■ To do ■
Leave out every picture and set down, exactly, the lines below from the one holding "Hola ertosmasillo, pues" up to and including the one holding "The computational overhead".

Data records:
:::
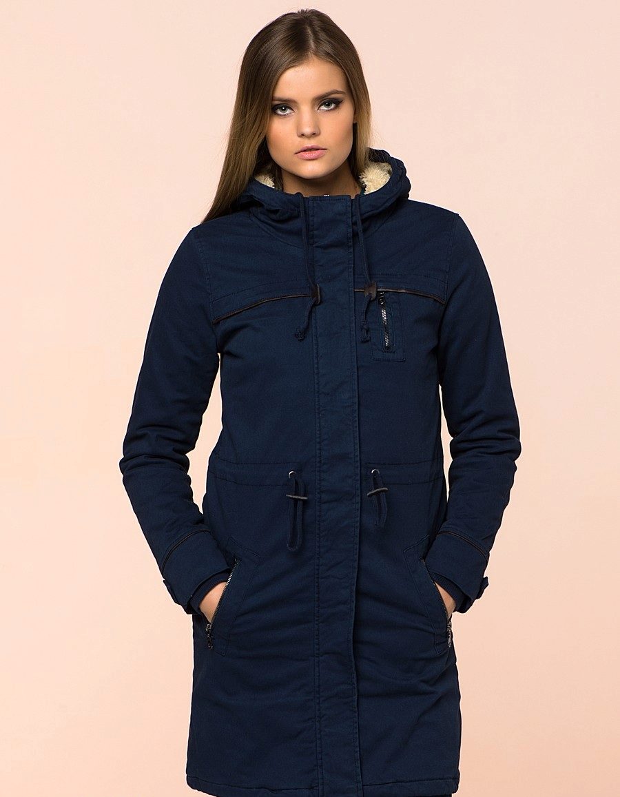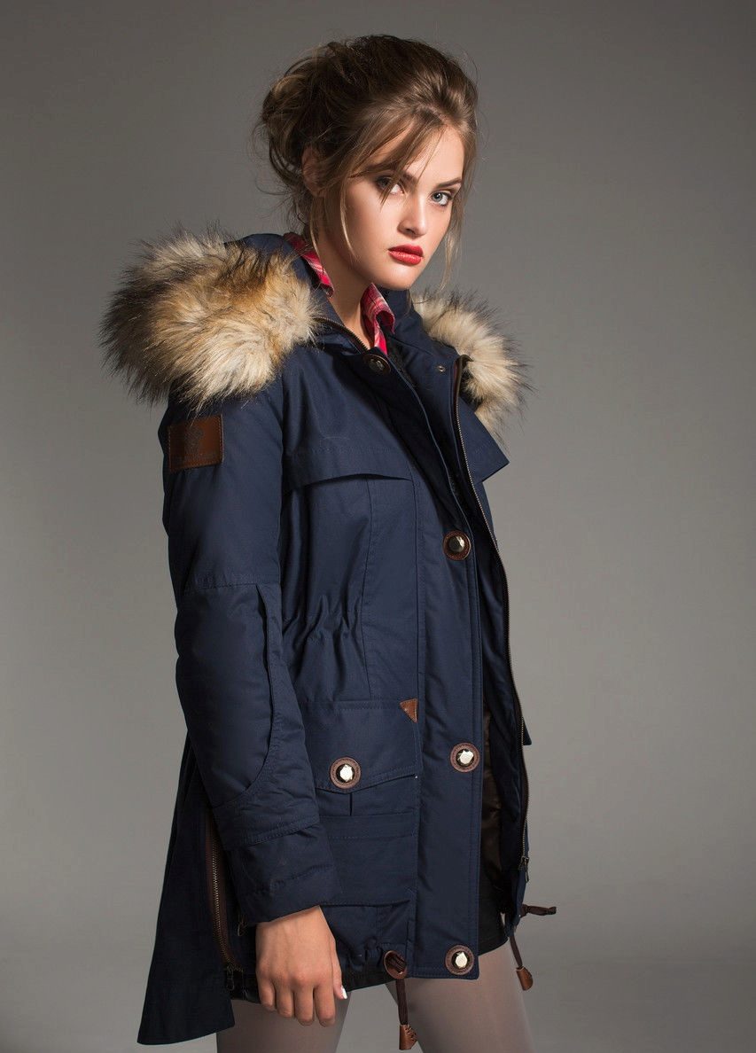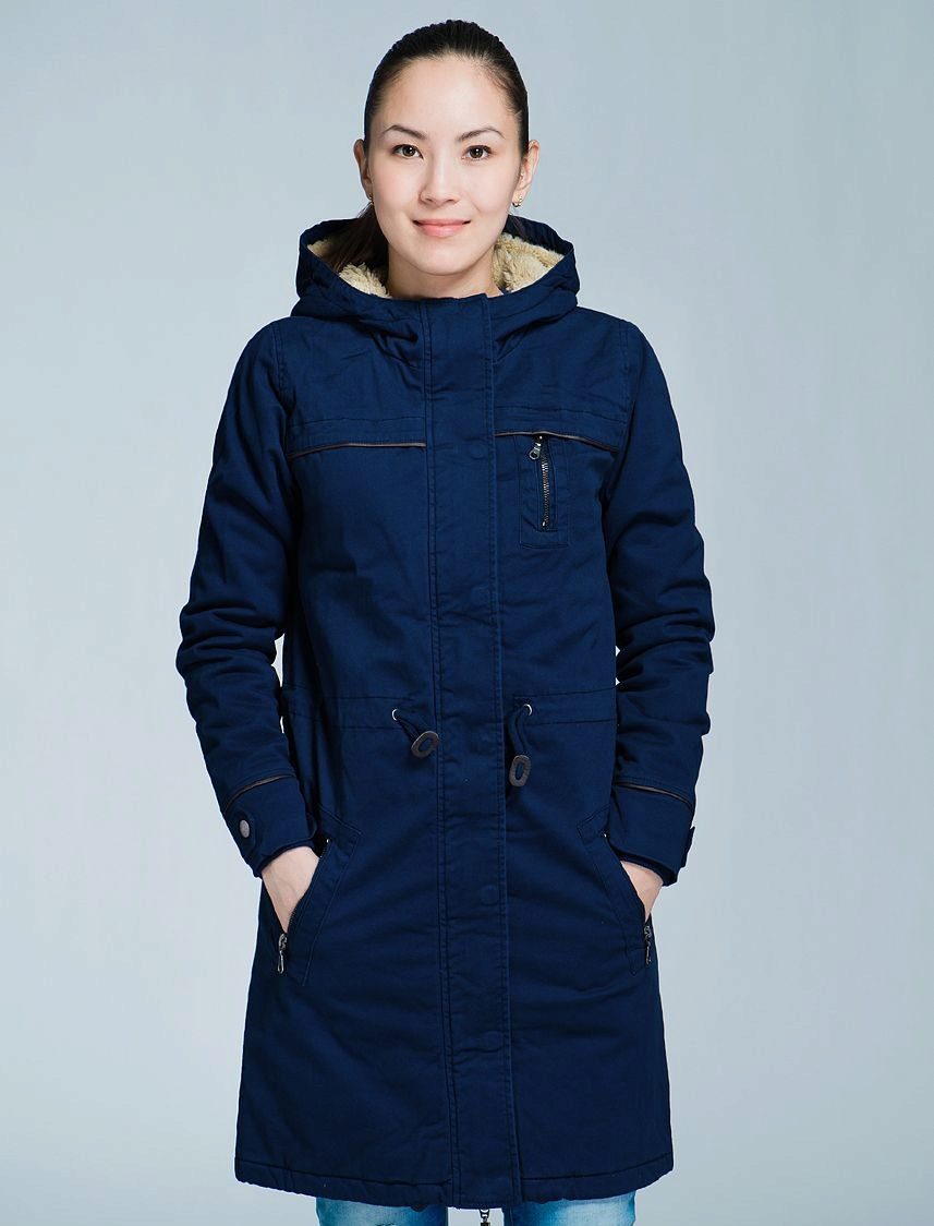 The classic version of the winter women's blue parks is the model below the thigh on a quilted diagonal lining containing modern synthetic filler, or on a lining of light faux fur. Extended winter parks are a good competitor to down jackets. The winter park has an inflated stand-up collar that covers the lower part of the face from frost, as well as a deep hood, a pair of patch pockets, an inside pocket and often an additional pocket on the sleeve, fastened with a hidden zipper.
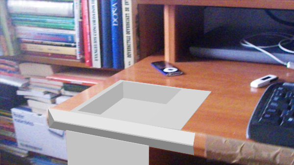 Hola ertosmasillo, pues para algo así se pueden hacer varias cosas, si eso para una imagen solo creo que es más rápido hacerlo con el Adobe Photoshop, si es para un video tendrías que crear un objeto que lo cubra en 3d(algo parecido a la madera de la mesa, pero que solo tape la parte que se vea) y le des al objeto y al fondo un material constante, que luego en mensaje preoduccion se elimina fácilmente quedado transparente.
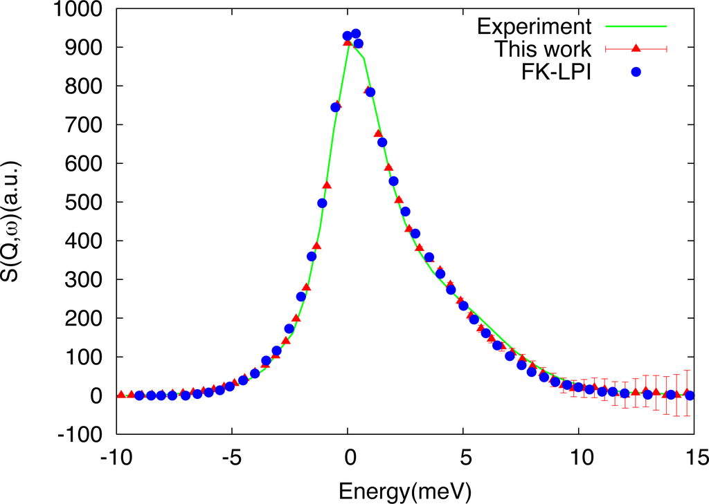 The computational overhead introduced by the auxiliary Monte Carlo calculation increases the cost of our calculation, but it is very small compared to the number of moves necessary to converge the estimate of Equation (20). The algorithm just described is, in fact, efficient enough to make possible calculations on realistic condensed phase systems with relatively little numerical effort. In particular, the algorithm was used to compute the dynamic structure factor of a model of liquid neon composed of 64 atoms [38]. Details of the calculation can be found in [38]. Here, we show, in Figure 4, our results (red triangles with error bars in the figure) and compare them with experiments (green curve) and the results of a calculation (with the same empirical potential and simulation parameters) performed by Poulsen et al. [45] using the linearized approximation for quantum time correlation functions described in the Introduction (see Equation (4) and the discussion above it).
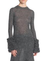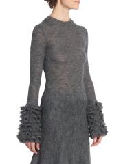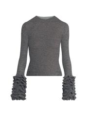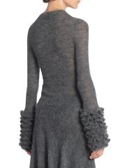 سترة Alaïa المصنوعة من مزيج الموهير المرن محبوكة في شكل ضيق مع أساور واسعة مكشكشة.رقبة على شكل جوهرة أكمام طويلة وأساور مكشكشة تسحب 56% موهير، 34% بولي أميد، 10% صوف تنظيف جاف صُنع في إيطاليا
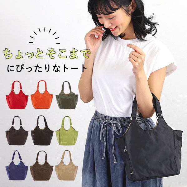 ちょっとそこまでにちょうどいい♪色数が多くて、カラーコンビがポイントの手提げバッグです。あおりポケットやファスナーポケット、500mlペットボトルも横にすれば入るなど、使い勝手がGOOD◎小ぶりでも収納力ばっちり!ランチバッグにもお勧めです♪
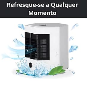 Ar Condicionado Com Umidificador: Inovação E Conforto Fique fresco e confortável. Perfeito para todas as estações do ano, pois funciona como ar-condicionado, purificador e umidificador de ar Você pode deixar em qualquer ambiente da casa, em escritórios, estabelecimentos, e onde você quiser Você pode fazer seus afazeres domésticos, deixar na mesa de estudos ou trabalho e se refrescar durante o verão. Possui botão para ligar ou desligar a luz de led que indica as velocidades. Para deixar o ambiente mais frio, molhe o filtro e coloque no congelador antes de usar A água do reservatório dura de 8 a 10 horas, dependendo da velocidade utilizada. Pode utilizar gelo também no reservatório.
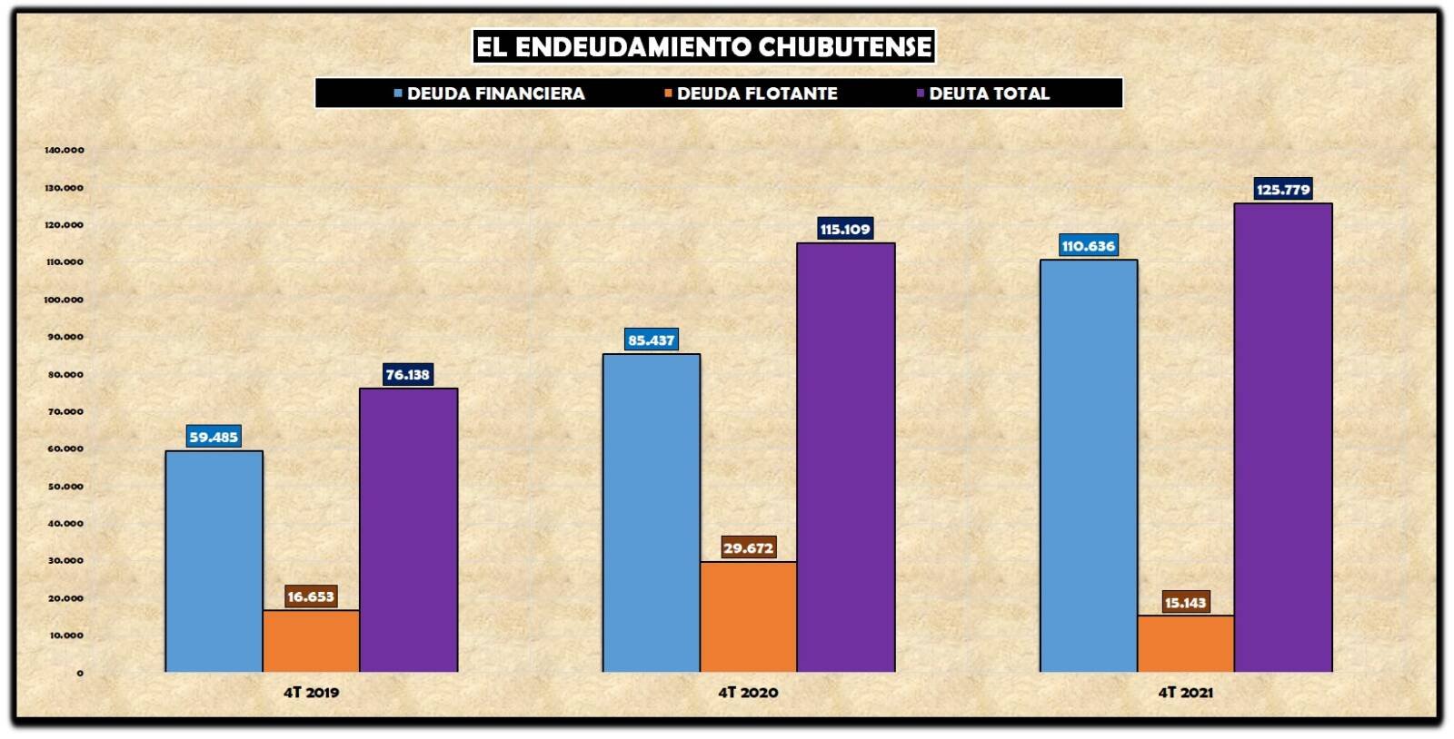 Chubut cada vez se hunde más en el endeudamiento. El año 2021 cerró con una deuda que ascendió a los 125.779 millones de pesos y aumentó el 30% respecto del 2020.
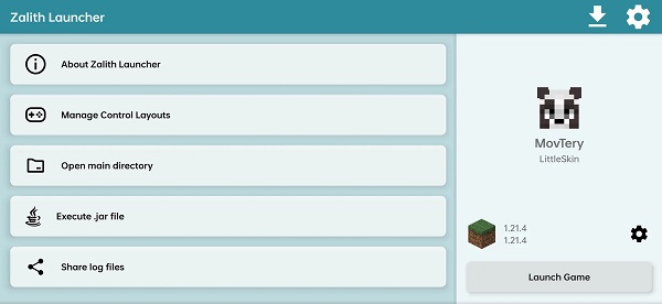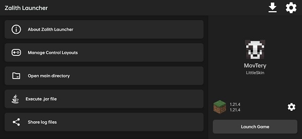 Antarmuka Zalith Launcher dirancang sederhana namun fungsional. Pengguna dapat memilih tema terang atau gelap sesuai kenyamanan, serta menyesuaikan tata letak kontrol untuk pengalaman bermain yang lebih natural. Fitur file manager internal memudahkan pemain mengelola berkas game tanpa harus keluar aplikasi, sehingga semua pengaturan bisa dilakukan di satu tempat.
:::
■ Reply ■
 Hola ertosmasillo, pues para algo así se pueden hacer varias cosas, si eso para una imagen solo creo que es más rápido hacerlo con el Adobe Photoshop, si es para un video tendrías que crear un objeto que lo cubra en 3d(algo parecido a la madera de la mesa, pero que solo tape la parte que se vea) y le des al objeto y al fondo un material constante, que luego en mensaje preoduccion se elimina fácilmente quedado transparente.
 The computational overhead introduced by the auxiliary Monte Carlo calculation increases the cost of our calculation, but it is very small compared to the number of moves necessary to converge the estimate of Equation (20). The algorithm just described is, in fact, efficient enough to make possible calculations on realistic condensed phase systems with relatively little numerical effort. In particular, the algorithm was used to compute the dynamic structure factor of a model of liquid neon composed of 64 atoms [38]. Details of the calculation can be found in [38]. Here, we show, in Figure 4, our results (red triangles with error bars in the figure) and compare them with experiments (green curve) and the results of a calculation (with the same empirical potential and simulation parameters) performed by Poulsen et al. [45] using the linearized approximation for quantum time correlation functions described in the Introduction (see Equation (4) and the discussion above it).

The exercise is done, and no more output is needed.